Филипп замирает. Он смотрит на неё секунду, переваривая смысл вопроса. Затем на его лице появляется выражение, которого она ещё не видела, — растерянное, почти испуганное.
— Нет, — говорит он быстро, даже слишком резко. — Чёрт, нет. Я не то хотел сказать…
Он садится на кровати, притягивая одеяло выше, и заглядывает ей в лицо с внезапной, пугающей серьёзностью.
— Я хочу, чтобы ты осталась. Навсегда, — выпаливает он и тут же морщится. — Но я напугал тебя, когда сказал это сейчас? Потому что я сам напуган тем, как сильно…
Он замолкает.
Элоиза смотрит на него. Сердце ёкает.
Она всю жизнь считала брак ловушкой, поэтому слово «навсегда» должно было бы её пугать. Но сейчас, в тепле его постели, страха нет. Ей больше не нужны эвфемизмы про бисквиты, чтобы понять суть. Филипп показал ей всё как есть. И в этой простоте слово «навсегда» не кажется клеткой.
Она расслабляется. Улыбается уголками губ.
— Во-первых, — начинает она, поднимая один палец, — снаружи дождь. И гроза. И грязь.
— Во-вторых, — второй палец, — я объективно не смогу ходить после… такого. Мои ноги меня не послушаются.

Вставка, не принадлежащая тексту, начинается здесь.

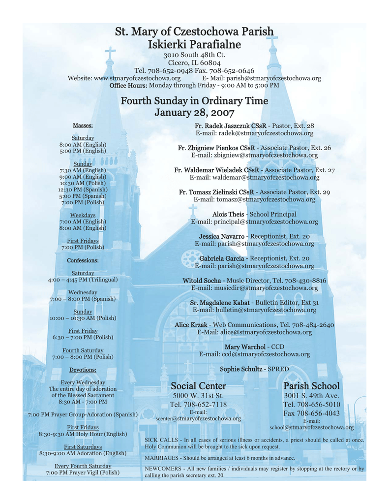 St. Mary of Czestochowa Parish Iskierki Parafialne 3010 South 48th Ct. Cicero, IL 60804 Tel. 708-652-0948 Fax. 708-652-0646 Website: www.stmaryofczestochowa.org E- Mail: [email protected] Office Hours: Monday through Friday - 9:00 AM to 5:00 PM Fourth Sunday in Ordinary Time January 28, 2007 Masses: Saturday 8:00 AM (English) 5:00 PM (English) Sunday 7:30 AM (English) 9:00 AM (English) 10:30 AM (Polish) 12:30 PM (Spanish) 5:00 PM (Spanish) 7:00 PM (Polish) Weekdays 7:00 AM (English) 8:00 AM (English) First Fridays 7:00 PM (Polish) Confessions: Saturday 4:00 – 4:45 PM (Trilingual) Wednesday 7:00 – 8:00 PM (Spanish) Sunday 10:00 – 10:30 AM (Polish) First Friday 6:30 – 7:00 PM (Polish) Fr. Radek Jaszczuk CSsR - Pastor, Ext. 28 E-mail: [email protected] Fr. Zbigniew Pienkos CSsR - Associate Pastor, Ext. 26 E-mail: [email protected] Fr. Waldemar Wieladek CSsR - Associate Pastor, Ext. 27 E-mail: [email protected] Fr. Tomasz Zielinski CSsR - Associate Pastor, Ext. 29 E-mail: [email protected] Alois Theis - School Principal E-mail: [email protected] Jessica Navarro - Receptionist, Ext. 20 E-mail: [email protected] Gabriela Garcia - Receptionist, Ext. 20 E-mail: [email protected] Witold Socha - Music Director, Tel. 708-430-8816 E-mail: [email protected] Sr. Magdalene Kabat - Bulletin Editor, Ext 31 E-mail: [email protected] Alice Krzak - Web Communications, Tel. 708-484-2640 E-Mail: [email protected] Fourth Saturday 7:00 – 8:00 PM (Polish) Mary Warchol - CCD E-mail: [email protected] Devotions: Sophie Schultz - SPRED Every Wednesday The entire day of adoration of the Blessed Sacrament 8:30 AM - 7:00 PM 7:00 PM Prayer Group-Adoration (Spanish) First Fridays 8:30-9:30 AM Holy Hour (English) First Saturdays 8:30-9:00 AM Adoration (English) Every Fourth Saturday 7:00 PM Prayer Vigil (Polish) Social Center Parish School 5000 W. 31st St. Tel. 708-652-7118 3001 S. 49th Ave. Tel. 708-656-5010 Fax 708-656-4043 E-mail: [email protected] E-mail: [email protected] SICK CALLS - In all cases of serious illness or accidents, a priest should be called at once. Holy Communion will be brought to the sick upon request. MARRIAGES - Should be arranged at least 6 months in advance. NEWCOMERS - All new families / individuals may register by stopping at the rectory or by calling the parish secretary ext. 20. Sunday Iskierki Parafialne MASS INTENTIONS January 28, Fourth Sunday in Ordinary Time 7:30 †Bernard Pugno (Marcy Pugno family) 9:00 †Edward Beckman (niece Ann) †Walentyna Burczyk (Henry Glowacki) 10:30 O szczęśliwe rozwiazanie dla Agaty †Janusz Ślęzak †Robert Kuzara (Dolores Kuzara) †Casmer Matysiak (Dolores Kuzara) †Edward Koch (Dolores Kuzara) †Zofia †Karolina Chowaniec 12:30 †Rafael Chavez (Hilda Martinez Chavez) †Juan Antonio Muniz (su mama) †Juan Manuel Muniz (su mama) †Alicia Muniz (su mama) †Maria Hernandez (su mama) 5:00 Por los feligreses 7:00 O łaski i siłę ducha dla syna †Bronisław Nieradka January 29, Monday, Weekday 7:00 Bronisław Nieradka 8:00 Rita I Tesar January 30, Tuesday, Weekday ..7:00 †Bronisław Nieradka 8:00 †Cecilia Beckman (Grandaughter Ann) January 31, Wednesday, John Bosco, priest 7:00 †Bronisław Nieradka 8:00 †Emily Cwiok (Carolyn Cwiok DeCesari) February 1, Thursday, Weekday 7:00 †Anthony Poplawski (family) 8:00 †Bronisław Nieradka February 2, First Friday, Presentation of the Lord 7:00 †John E. Kociolko 8:00 †Agnes Warchol (Balla Family) ..8:30 Adoration 6:30 Spanish Mass 8:00 Polish Mass †Bronisław Nieradka February 3, Saturday, Blaise, bishop and martyr 8:00 †Bronisław Nieradka 8:30 Adoration 1PM Wedding Mass: Katarzyna Borzecka & Dariusz Karpiuk 5:00 †Rita Roszyk †Jack Sitar (Mother E. Sitar) †Pat Locke (Mother E. Sitar) †Leonarda Aguirre (friends) February 4, Fifth Sunday in Ordinary Time 7:30 †David Wisniewski (Parents, Marie & Eugene) †Joseph & Robert Wozniak (family) †Bernard Pugno (Odelia Gozdiak, Mel Lozin) 9:00 Parishioners 10:30 O szczęśliwe rozwiązanie dla Anny †Janusz Ślęzak †Edward Ptak †Kazimierz Maturski ( 4 rocz. śmierci) 12:30 †Juana Castro (sus hijos) 5:00 Por los feligreses 7:00 O dobry i błogosławiony czas starośći dla mamy †Bronisław Nieradka Lector Schedule Saturday, February 3, 2007 5PM Marissa Martinez, Sr. Magdalene Sunday, February 4, 2007 7:30 John Kociolko 9:00 Kim Tross, Nicole Perez 10:30 Waldemar Lipka, Violette Bielobradek 12:30 Marisol Ortiz, Javier Sanchez, Roberto Pasillas, Manuel Naula 5:00 Linda Ramirez, Maria Rodriguez, Trinidad Torrez 7:00 - Eucharistic Ministers Saturday, February 3, 2007 5PM Joanne & Larry Napoletano, Sunday, February 4, 2007 7:30 Ed Hennessy 9:00 Irene Saldana, Vicente Saldana Rita Mejka, Georgia Czarnecki Larry Napoletano, Christine Zaragoza 10:30 Priests & Polish ministers 12:30 Mario Segoviano,Mariana Garcia 5:00 Enrique Garcia, Maria Cruz Rodriguez 7:00 Priests WEDDING BANNS There is a promise of marriage between: III. Katarzyna Borzecka & Dariusz Karpiuk II. Cesława Bielak & Marek Turza. II. Nikki Herman & Edgar R. Gonzalez We welcome in Baptism….. Diego Abraham Ortiz St. Mary of Czestochowa Sunday Collection January 21, 2007 1/20 5:00PM $642.00 1/21 7:30AM $391.00 9:00AM $1,404.00 10:30AM $1,697.00 12:30PM $1,307.31 5:00PM $231.50 7:00PM $129.00 TOTAL $5,801.81 What is the Annual Catholic Appeal? The Roman Catholic Archdiocese of Chicago as is the case in most (arch) dioceses in the U.S., conducts an annual campaign to help fund the work of its departments, agencies and offices. Without such campaigns, the training, ministry, education and administrative services provided by the Archdiocese would have to be funded almost totally through taxation of parish income. While direct contributions made to annual appeals do not come out of parish income, a higher tax would. This would cripple parishes economically. The people of every parish and mission in the Archdiocese are asked, once a year, to make a significant fina

— В-третьих, — третий палец, она вертит им перед его носом, — я утром не уйду, потому что Афродита, скорее всего, тоже решила остаться. Она умная лошадь. Она знает, где… тепло.

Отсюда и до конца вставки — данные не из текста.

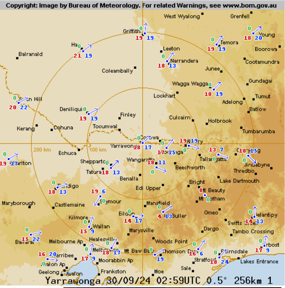 It’s 15.5° C, 95% RH and overcast with a light air. The overcast is a risen fog, so it will likely burn off in a couple of hours. BoM forecasts 28° C and partly cloudy, so maybe the overcast is not a risen fog. The satellite images show opaque, stationary cloud that is reducing in size. So I am now officially confused.

Филипп слушает, и с каждым её пунктом напряжение в его плечах уходит. Лицо меняется: жёсткие линии смягчаются, взгляд становится тёплым, почти нежным. Когда она заканчивает, он издаёт короткий смех. Смех, который преображает его лицо, делая моложе.
— Афродита, значит, решает, — он берёт её руку с тремя поднятыми пальцами и целует каждый кончик бережно, благоговейно. — Умная лошадь. Умнее меня.
Филипп ложится обратно, притягивая Элоизу к себе, укрывая их обоих одеялом. Его рука сжимает её талию уверенно, собственнически.
— Тогда спи, — бормочет он, устраивая подбородок у неё на макушке. — Завтра будем решать, как объяснить твоей семье, что ты изучала искусство целую неделю. Или месяц.
Элоиза издаёт тихий, сонный смешок. Филипп использовал её же оружие — метафору — и обратил её против неё самой. Это честно. Это справедливо.
Она не отвечает. Но её сознание, ещё не успевшее полностью отключиться, фиксирует последнюю мысль дня:
Крессида ошибалась. Или, может быть, была права лишь наполовину. Искусство не выбирает: душа или тело. Оно требует всего сразу.
Филипп прижимает её крепче.
— Тише, — бормочет он, хотя в голосе нет и тени серьёзности, только довольство. — Шедевр пытается уснуть. Ему нужно восстановить силы для новых уроков.
За окном барабанит дождь, превращая мир снаружи в размытое пятно, не имеющее значения. В комнате тепло, тихо и пахнет ими.
— Элоиза, — шепчет Филипп в темноту, когда дыхание её становится равномерным, и он думает, что она уже спит. — Спасибо, что заблудилась.
Её пальцы, лежащие на его груди, слегка сжимаются, чувствуют ритм его сердца. Ритм, который теперь совпадает с её собственным. Есть только он и она. Всё остальное — Лондон, правила, «бисквиты» — осталось где-то там, за стенами дома. Здесь, в этой тишине, есть только правда. И этого достаточно.